"Long Swamp: Life in the Etowah River Valley," a traveling exhibition showcasing an American Indian archaeological site in Northwest Georgia, has arrived at Sowela Technical Community College's Lake Charles campus.

The exhibit will be open free to the public 9 a.m,-8 p.m. weekdays through Dec. 6 in the Arts and Humanities building. An opening reception featuring tribal basketry, beadwork and artisan demonstrations will be held 10 a.m.-1 p.m. Friday, May 3.

The exhibition recreates a true visual experience of the pre-contact Indian community in the Etowah River Valley in Northwest Georgia, where the northern banks of the river meet Long Swamp Creek.

Developing many thousand years ago and continuing through to the Mississippian Period (1000 AD – 1550 AD), the pre-contact Indian community had ingeniously established a village with homes, a palisade, and earthen mound.

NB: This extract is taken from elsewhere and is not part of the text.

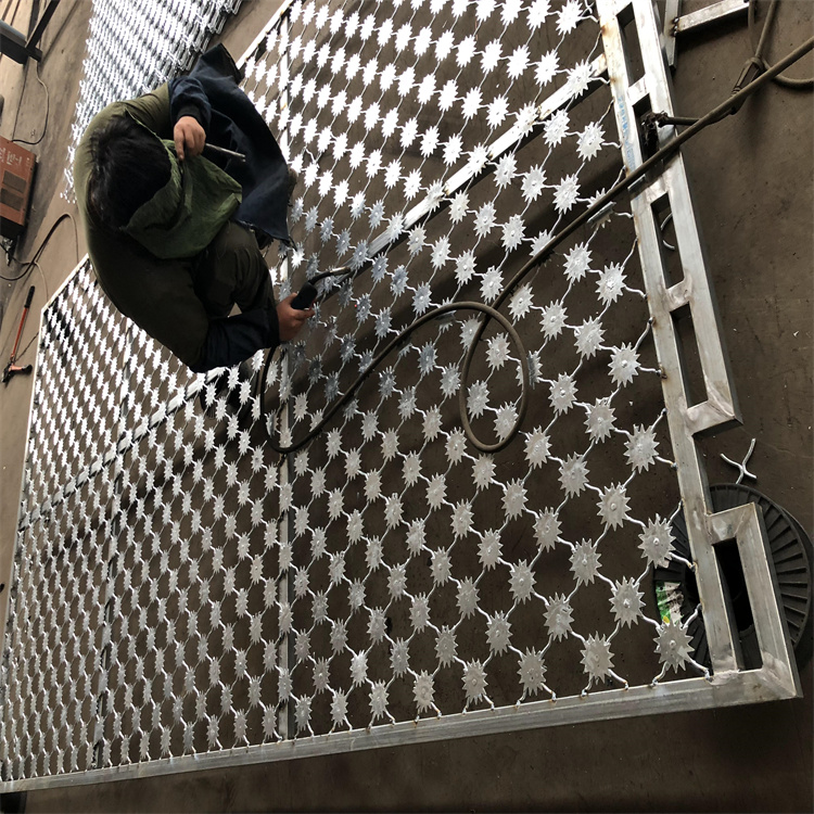 焊接型刀片刺繩網(wǎng)片是先把刀片刺繩成型之后裁成所需網(wǎng)片直條的長度經(jīng)網(wǎng)片機(jī)焊接成刀刺網(wǎng)片,孔型有長方形、正方形與菱形均可定做。材質(zhì): 芯線優(yōu)熱鍍鋅鋼絲;板材為熱鍍高鋅或者不銹鋼板材。也可以表面噴塑或者涂塑,以達(dá)到更好的防腐耐酸堿的作用,延長使用年限。孔徑大小: 5X10、10x15、10x20cm(其他網(wǎng)孔可以根據(jù)客戶需求定做)。
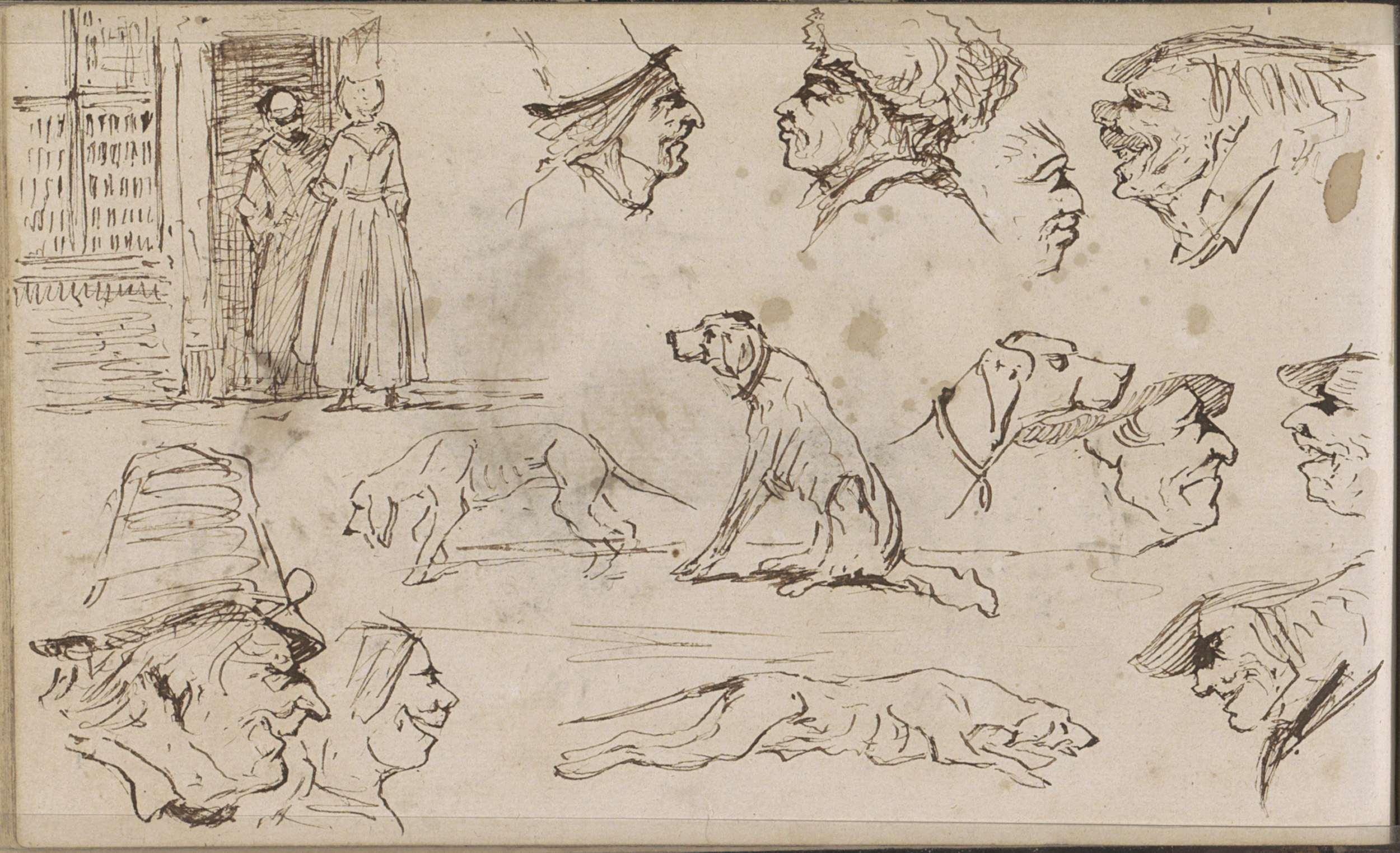 Twee boerinnen in een deuropening, honden en mannen-...

Visitors to Long Swamp will explore the stories of ‘Life in the Etowah River Valley' through a series of 14 panels, each revealing a specific theme, over 80 artifacts and modern reproductions, as well as an interactive digital component showcasing videos, digital artifacts and other multimedia elements.

Working cooperatively with all of the modern tribes who once lived in Georgia, The Long Swamp exhibition also provides information about present-day tribal communities who share ancestral links to this community and the state of Georgia. The tribes' stories of community, survival, human ingenuity and cultural continuity are told through archaeological records, historic documentation and cultural knowledge and traditions.

The exhibition also features artwork from the Coushatta Tribe of Louisiana community.